The horizontal component of velocity remains constant throughout the motion because there is no horizontal acceleration. We can find the horizontal component of velocity using trigonometry:
Horizontal component of velocity (Vx) = Initial velocity (V) * cos(angle)
Vx = 34 m/s * cos(21°)
Next, we need to find the vertical component of velocity. Gravity acts in the downward direction, so the cannonball experiences a constant acceleration of -9.8 m/s^2. We can find the vertical component of velocity using trigonometry:
Vertical component of velocity (Vy) = Initial velocity (V) * sin(angle)
Vy = 34 m/s * sin(21°)
Now, we have the initial vertical velocity and the acceleration due to gravity. We can use the following kinematic equation to find the time it takes for the cannonball to hit the ground:
Vy = Initial velocity + (acceleration * time)

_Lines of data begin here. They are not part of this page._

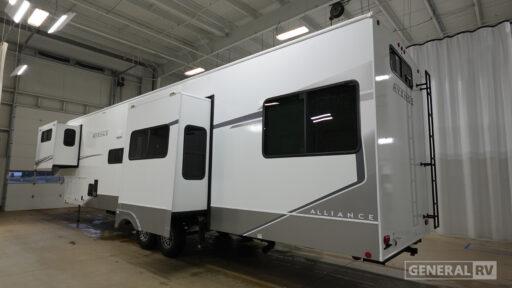 With any Avenue fifth wheel or travel trailer by Alliance RV, you will enjoy more interior space provided by the 8' 5" wide-body construction, and a long list of luxury features. Each is built with Azdel composite sidewalls both inside and out, along with a PVC roof for added strength. There are innovative storage solutions that include hidden storage behind the TV, within end tables and ottomans, and more. Since these units feature no carpet throughout, cleaning will be easier than ever, and there are flush floor slides throughout for seamless living spaces. The Avenue also comes with the OTG Solar Package with a 400 watt solar panel, inverter prep, multiple outlets, and more to keep you charged up!
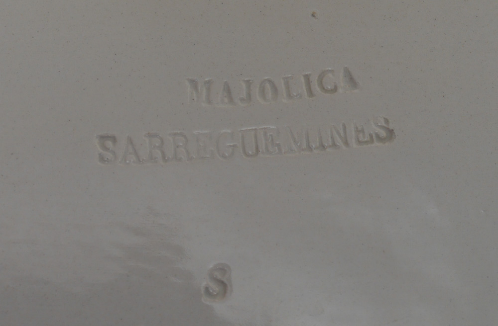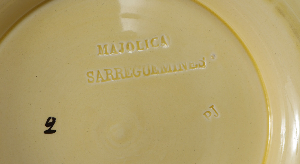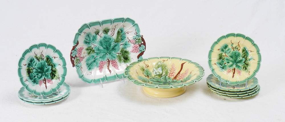 SARREGUEMINES FRENCH MAJOLICA IN A GRAPE LEAF PATTERN: 10 pieces to include the 12'' pedestal bowl, 8 plates (8'' dia.) and a platter ( 12 1/2'' x 9 3/4'').
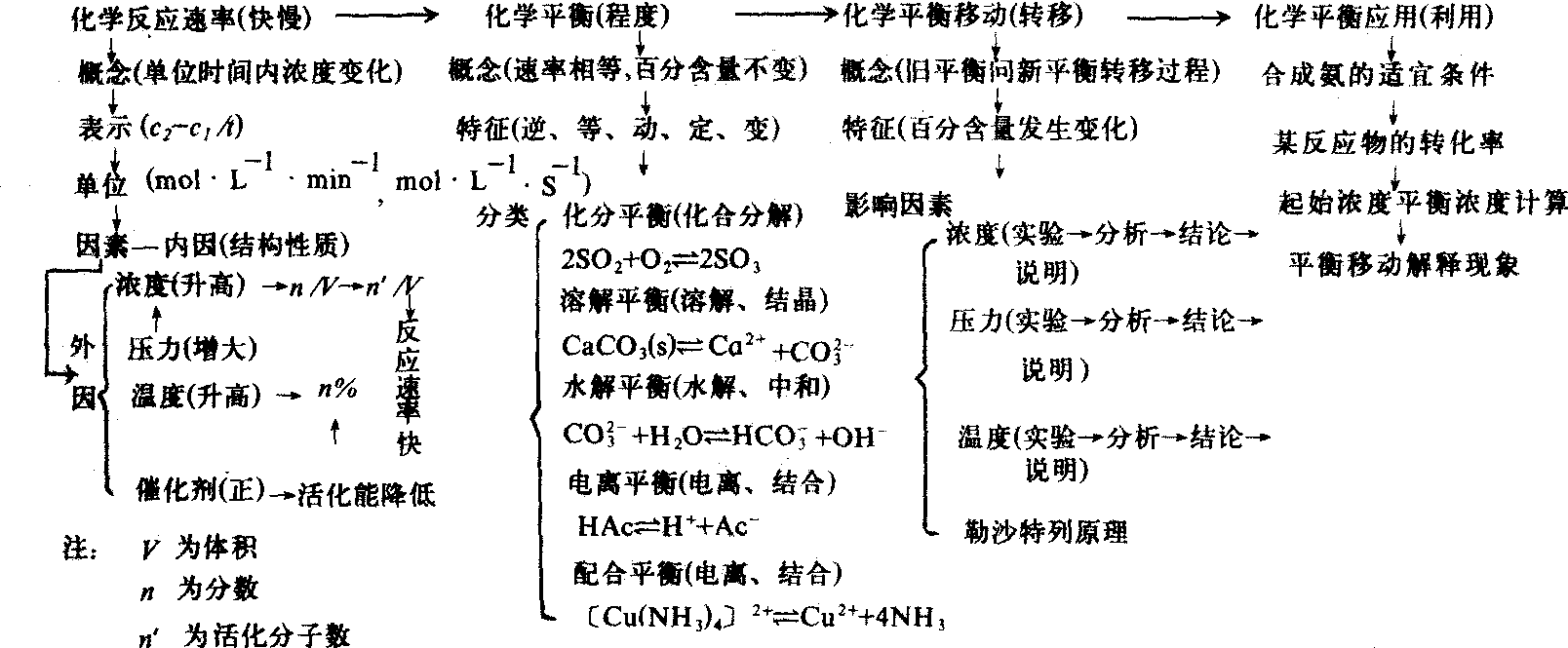 图1 化学平衡知识总结 可以有10种记忆规律,通过实例把记忆规律整理成表格。十大记忆规律为感知的记忆、理解的记忆、图式的记忆、对比的记忆、韵语的记忆、升华的记忆、联系的记忆、概括的记忆、顺序的记忆、循环的记忆。在每种记忆中均应有实例与具体内容相匹配进行展览。如,在韵语记忆中可展览“升失氧,降得还;若说性,两相反。高价氧化低价还; 中间价态两边转(氧化-还原反应)。”“三种微粒六种量,两素概念算清帐; 四种状态三原理,一套规律应记详。三键二力六数据,两种分子四晶体; 四种符号六图式,一定联系周期律。周期表格要牢记,变化体现周期律; 七主七副七周期,Ⅷ族零族镧锕系。同族金增非递减,同周金减非增递; 元素排布分四区,三角变化有联系(物质结构及周期律)。”❸理论联系实际的展览 把所学的理论 (电离平衡、化学平衡、结构理论、氧化-还原理论) 应用到元素化学知识上,以卤族为例,以结构理论为基础,卤族元素的位置、结构、性质三者的关系见图2。

Since the cannonball is launched downward, the initial velocity is negative, so we can rewrite this equation as:
-34 m/s * sin(21°) = 0 + (-9.8 m/s^2) * time
Solving for time:
time = (-34 m/s * sin(21°)) / (-9.8 m/s^2)
Once we have the time it takes for the cannonball to hit the ground, we can calculate the distance traveled horizontally using the formula:
Distance = Horizontal component of velocity * time
Distance = Vx * time
Finally, we can find the speed when the cannonball hits the ground by calculating its resultant velocity using the Pythagorean theorem:
Speed = sqrt((Horizontal component of velocity)^2 + (Vertical component of velocity)^2)
Speed = sqrt((Vx)^2 + (Vy)^2).
Plugging in the values, we can calculate the speed when the cannonball hits the ground.